Your answer must be an exact copy of the listing, with the images left out.

#### DATA EXTRACT:
───

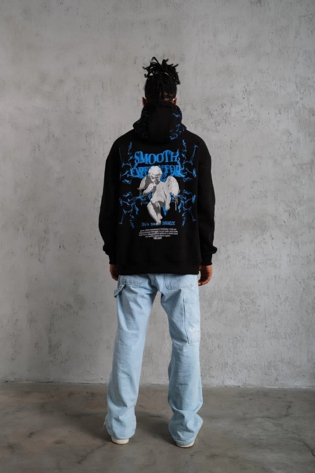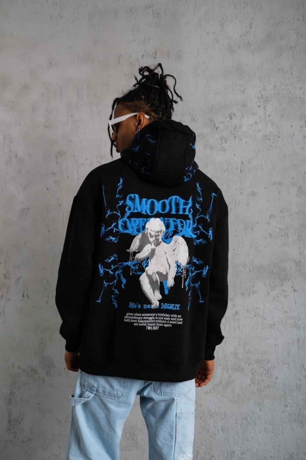 Erkek Oversize Üç İplik Kapüşonlu Sweat – Siyah Kol ve Etek Ribana Detaylı, Ön ve Sırt Baskılı, Kanguru Cepli Rahat Kalıp Model
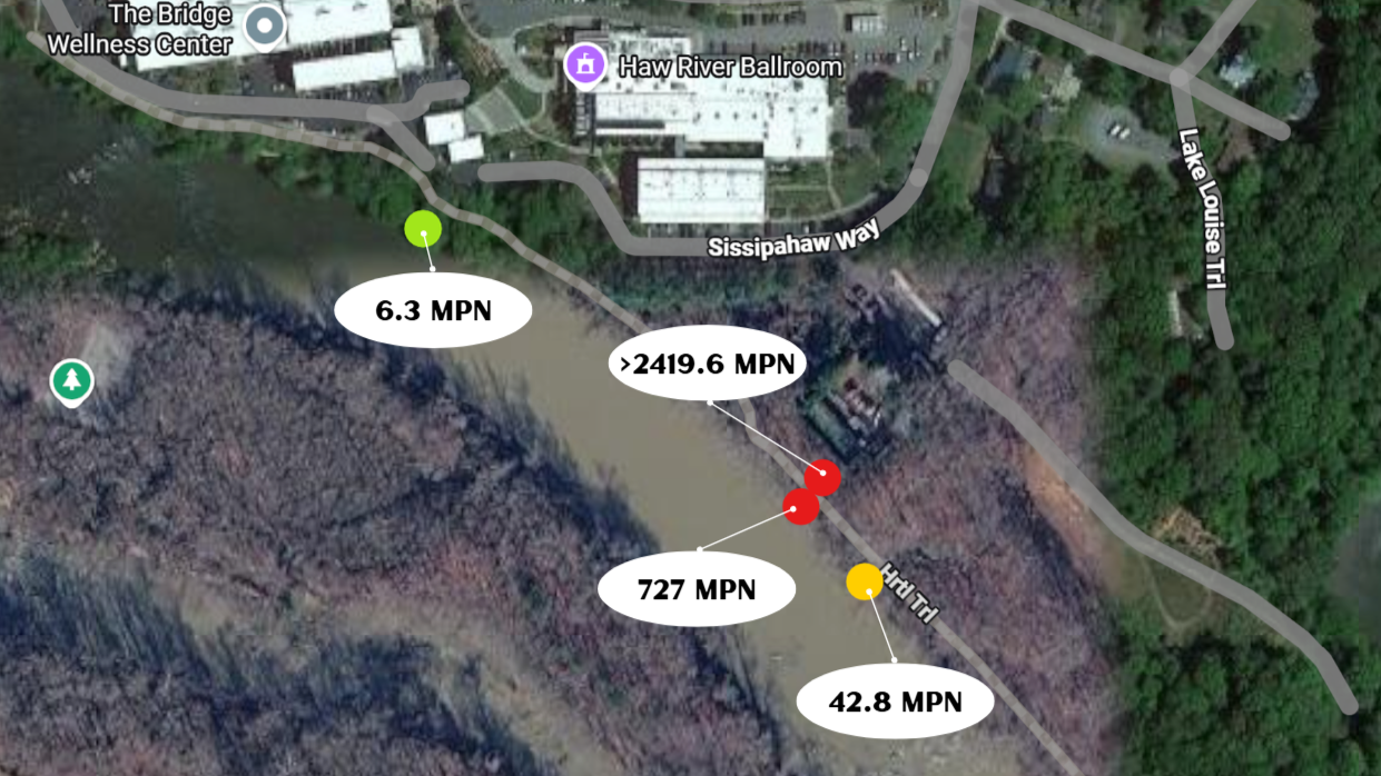 From the effluent pipe we once again saw extremely high levels at over 2419.6 MPN (higher than what we can measure). This contaminated water trickles down from the pipe a short distance to the Haw River, where we found E. coli levels at 727.0 MPN. About 50 feet downstream, the levels dropped to 42.8 MPN. While still higher than the upstream levels, this is still within safe swimming range. |
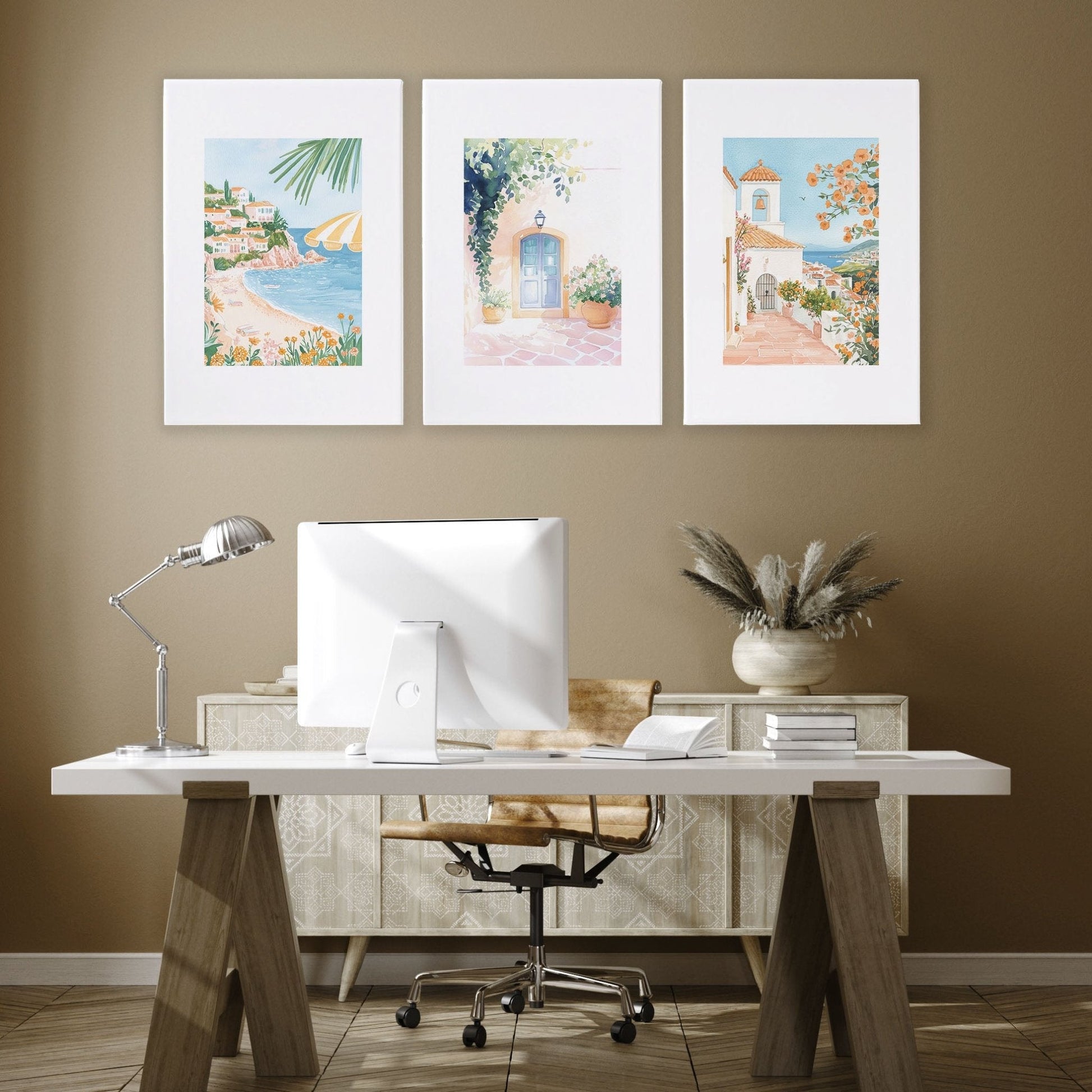 Transform your space with our stunning Long Rectangular Wall Decor. Discover the Set of 3 Beach Decor Wall Art Prints that's perfect for enhancing your office wall art. These prints harness the soothing vibes of the ocean with a pastel art colour palette that s oftens any environment, making your workspace a serene harbour of tranquillity. The beach decor style infuses a sense of relaxation and openness, making those long work hours feel a bit more like a seaside escape.
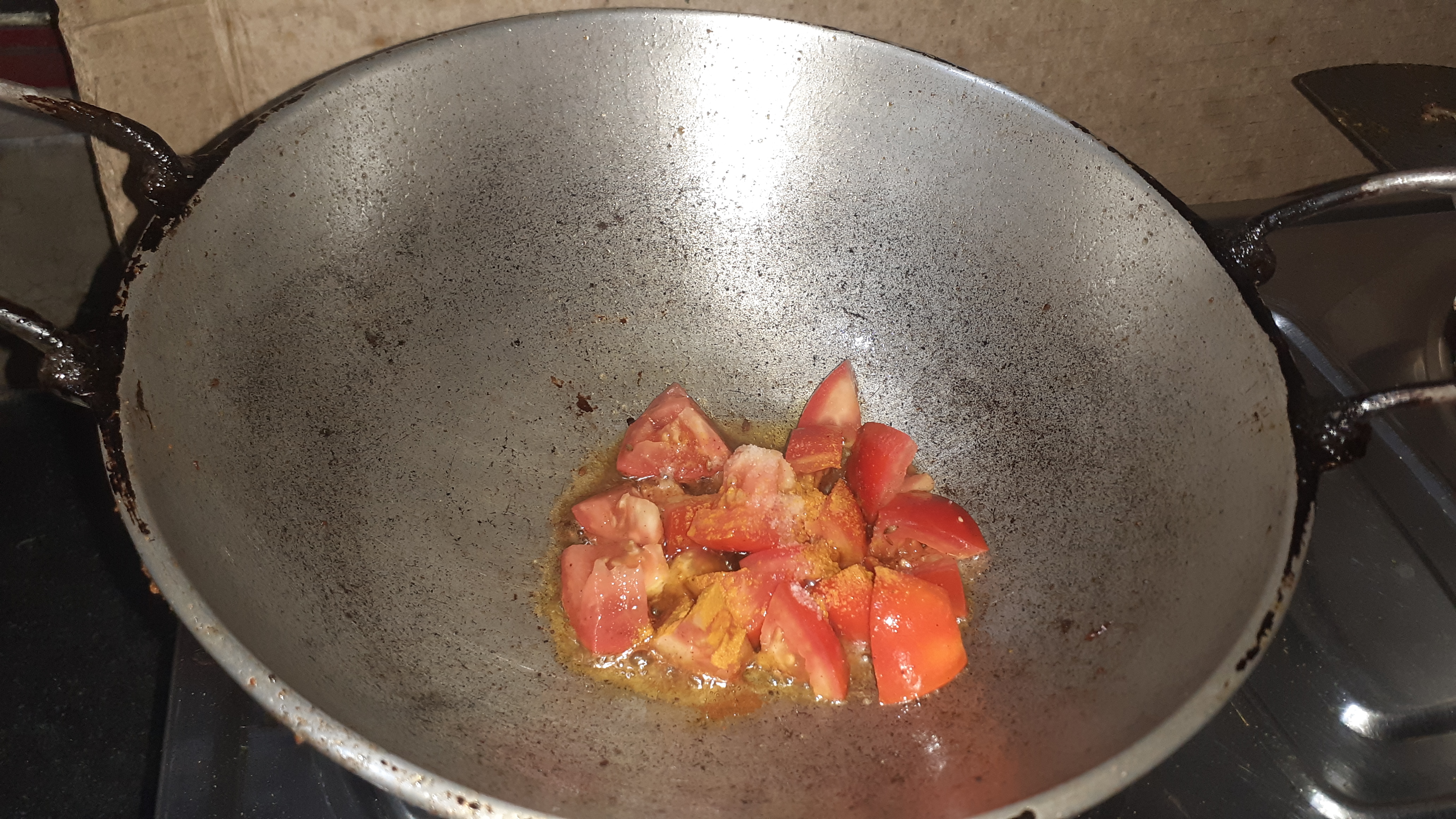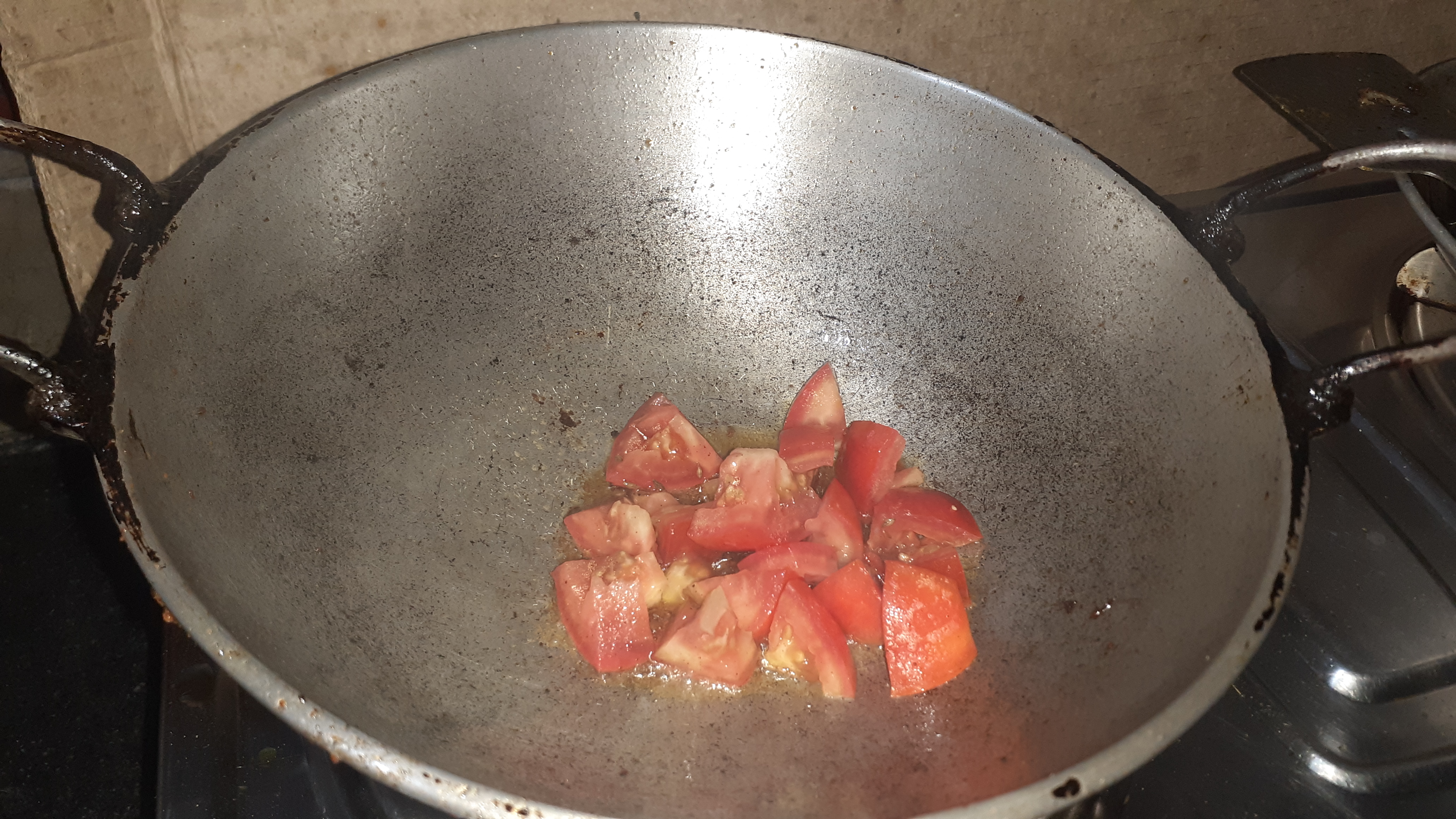 পাঁচফোড়ন হালকা করে ভেজে নিয়েছি। তাতে টমেটোও ভেজে নিয়েছি।

───

#### TASK SOLUTION:
 Erkek Oversize Üç İplik Kapüşonlu Sweat – Siyah Kol ve Etek Ribana Detaylı, Ön ve Sırt Baskılı, Kanguru Cepli Rahat Kalıp Model
 From the effluent pipe we once again saw extremely high levels at over 2419.6 MPN (higher than what we can measure). This contaminated water trickles down from the pipe a short distance to the Haw River, where we found E. coli levels at 727.0 MPN. About 50 feet downstream, the levels dropped to 42.8 MPN. While still higher than the upstream levels, this is still within safe swimming range. |
 Transform your space with our stunning Long Rectangular Wall Decor. Discover the Set of 3 Beach Decor Wall Art Prints that's perfect for enhancing your office wall art. These prints harness the soothing vibes of the ocean with a pastel art colour palette that s oftens any environment, making your workspace a serene harbour of tranquillity. The beach decor style infuses a sense of relaxation and openness, making those long work hours feel a bit more like a seaside escape.
 পাঁচফোড়ন হালকা করে ভেজে নিয়েছি। তাতে টমেটোও ভেজে নিয়েছি।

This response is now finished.